The executive does not use its massive Commons majority to fix some of the obvious flaws in trans rights policy: it defers them in the hope of appeasing a maniacal media class that knows its political dominance, and the grip of neoliberal capitalism more broadly, is breaking. They offer us good headlines; in return we do their cultural bidding.

What they will never have is a movement from below. The anti-trans movement has an outsized influence and voice, but it has no human touch. In the wake of the Supreme Court ruling, thousands and thousands took to the streets to show their solidarity. In Leicester we organised something far bigger than any of us could have anticipated. In London, Manchester, Edinburgh and many other cities it was a bigger mobilisation still. We cannot let this anger fizzle into hopelessness as happens so often. Our challenge now is to challenge misinformation and embed into all our struggles the mantra that we cannot win unless all of us win.

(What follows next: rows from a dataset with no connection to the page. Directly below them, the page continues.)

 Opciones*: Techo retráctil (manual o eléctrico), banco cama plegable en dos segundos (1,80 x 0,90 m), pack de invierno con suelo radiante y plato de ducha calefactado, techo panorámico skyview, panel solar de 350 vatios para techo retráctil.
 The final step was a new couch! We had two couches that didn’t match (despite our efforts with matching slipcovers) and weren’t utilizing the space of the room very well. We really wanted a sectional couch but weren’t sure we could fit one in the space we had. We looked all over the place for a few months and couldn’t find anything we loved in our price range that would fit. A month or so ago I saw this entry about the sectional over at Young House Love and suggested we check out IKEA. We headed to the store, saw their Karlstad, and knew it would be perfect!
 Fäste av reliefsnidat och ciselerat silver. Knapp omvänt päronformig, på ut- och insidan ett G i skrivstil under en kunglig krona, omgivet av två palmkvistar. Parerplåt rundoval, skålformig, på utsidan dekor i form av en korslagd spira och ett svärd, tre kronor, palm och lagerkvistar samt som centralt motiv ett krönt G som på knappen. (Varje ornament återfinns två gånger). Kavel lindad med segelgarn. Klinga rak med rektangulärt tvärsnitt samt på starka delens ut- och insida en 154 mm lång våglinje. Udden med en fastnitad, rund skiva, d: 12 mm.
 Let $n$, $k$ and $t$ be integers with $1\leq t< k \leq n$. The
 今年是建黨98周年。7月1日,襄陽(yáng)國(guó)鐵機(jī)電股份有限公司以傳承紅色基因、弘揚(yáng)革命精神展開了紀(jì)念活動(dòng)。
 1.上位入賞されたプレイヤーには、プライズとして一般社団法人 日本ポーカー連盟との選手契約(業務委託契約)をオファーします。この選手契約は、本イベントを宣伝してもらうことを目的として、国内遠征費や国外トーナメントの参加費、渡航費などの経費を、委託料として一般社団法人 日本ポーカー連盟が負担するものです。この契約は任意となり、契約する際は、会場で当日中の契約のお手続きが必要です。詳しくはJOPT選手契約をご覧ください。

The media playbook against trans people is the same one which it pulls against refugees. Its ignorance of trans voices in favour of transphobes matches its preference of Israeli voices to Palestinians. Though it may not seem it, our individual struggles against the forces of reaction and media conservatism are linked, both by playbook and by purpose. The dominance of the post-Thatcher consensus and of neoliberal affluence is collapsing and old media are collapsing with it. As the old world dies, the new world struggles to be born – and if we want that new world built by workers liberated and freed from the social determinisms of the past, then we must pull our disparate movements together as one class, the working class, united and unbowed.

Alex Burt is East Midlands Officer for Labour For Trans Rights.